→ Given material
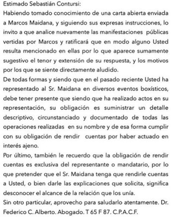 Aunque los asesores legales de Maidana anunciaron que no hubo una acusación hacia su persona, Contursi agregó: "Pues que diga de quién hablaba entonces. O, que al menos, asegure que no se trata de mí. No creo que tenga la decencia de hacerlo, pero nunca se sabe".
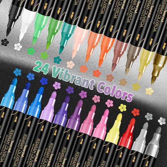 Art+soul 24 Colors Acrylic Paint Pens-Dual Tip Markers, Vibrant, Long Lasting Colors that Dry Quickly, Ideal for Canvas, Paper, Glass, Ceramic, Wood, and Rock
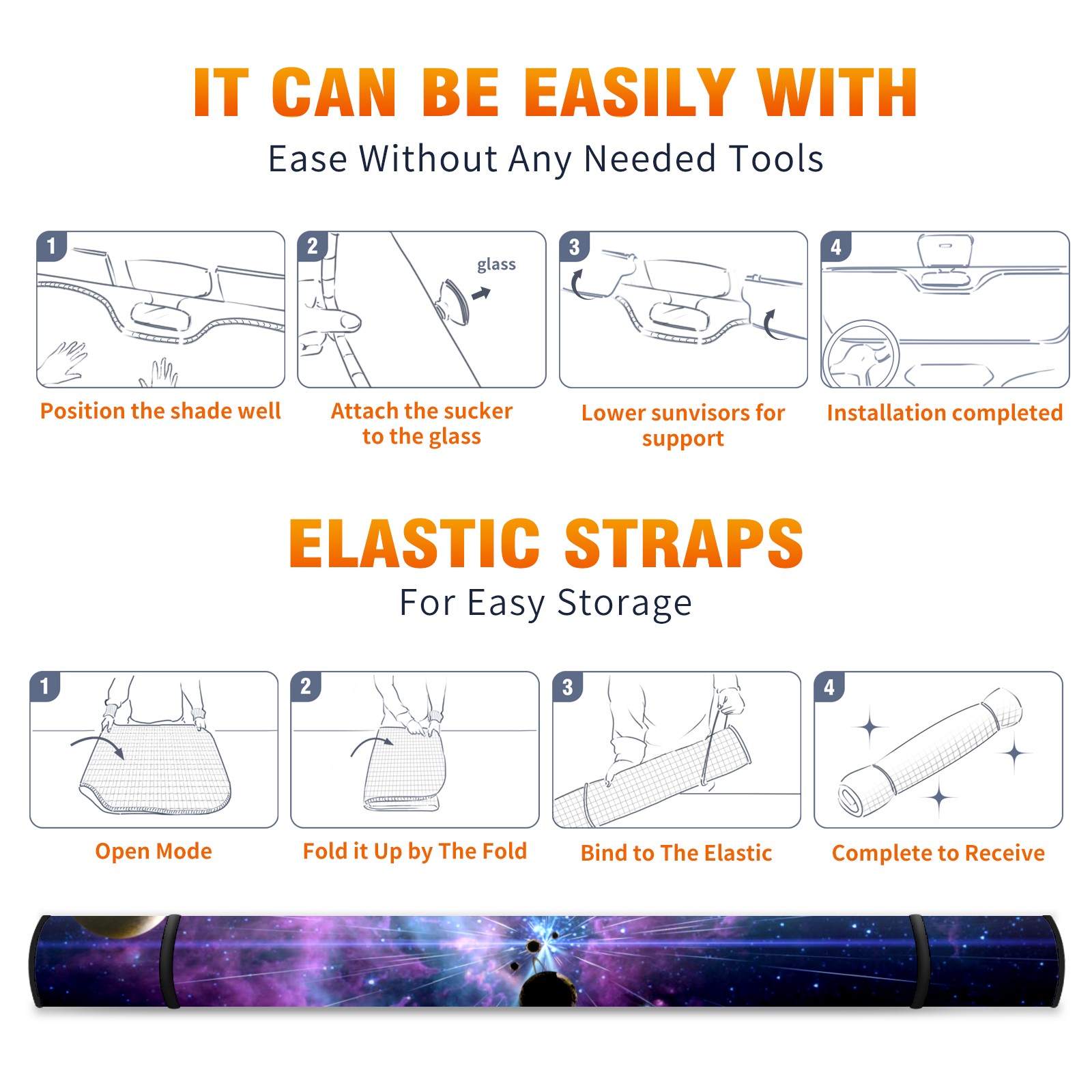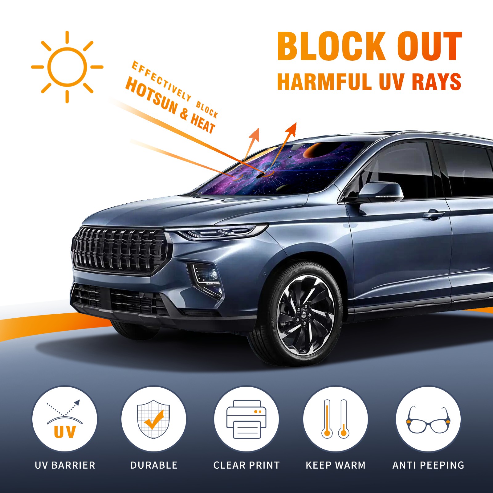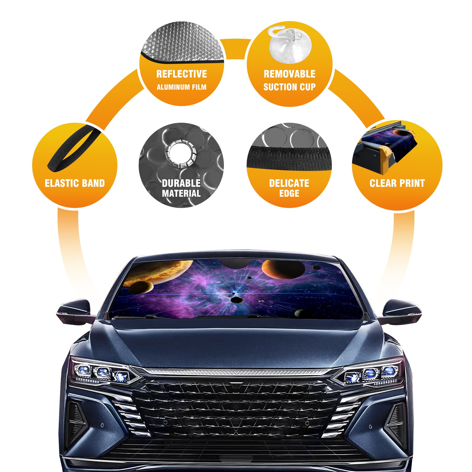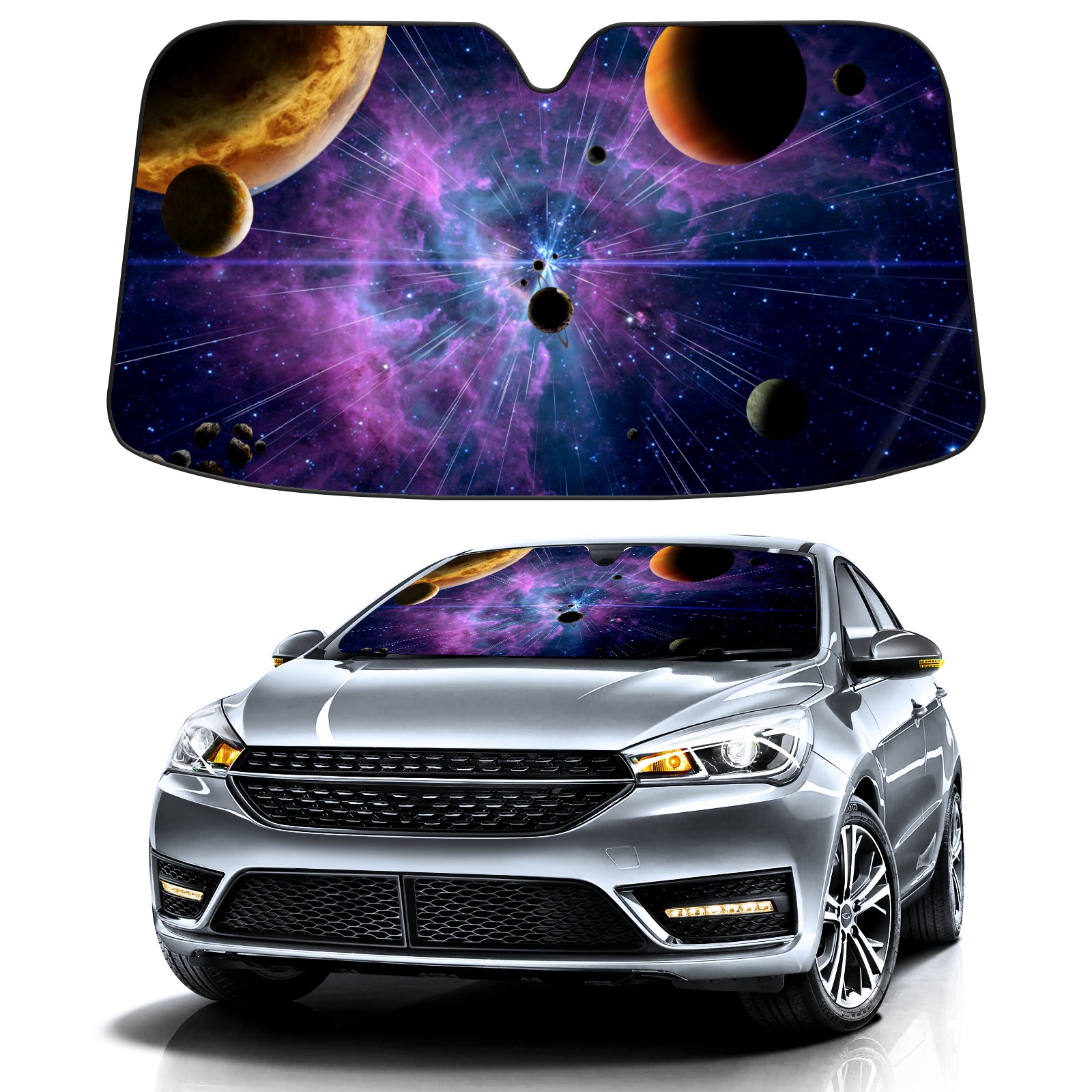 Galaxy Planet Car Sun Shade UV Protection Foldable Sunshade for Windshield Heat Insulation Portable Sun Shield for Car Interior Protection Automotive Window Protector

→ Required work
Each line of the material is to be output exactly. Images are not part of the expected output.

→ Solved problem
 Aunque los asesores legales de Maidana anunciaron que no hubo una acusación hacia su persona, Contursi agregó: "Pues que diga de quién hablaba entonces. O, que al menos, asegure que no se trata de mí. No creo que tenga la decencia de hacerlo, pero nunca se sabe".
 Art+soul 24 Colors Acrylic Paint Pens-Dual Tip Markers, Vibrant, Long Lasting Colors that Dry Quickly, Ideal for Canvas, Paper, Glass, Ceramic, Wood, and Rock
 Galaxy Planet Car Sun Shade UV Protection Foldable Sunshade for Windshield Heat Insulation Portable Sun Shield for Car Interior Protection Automotive Window Protector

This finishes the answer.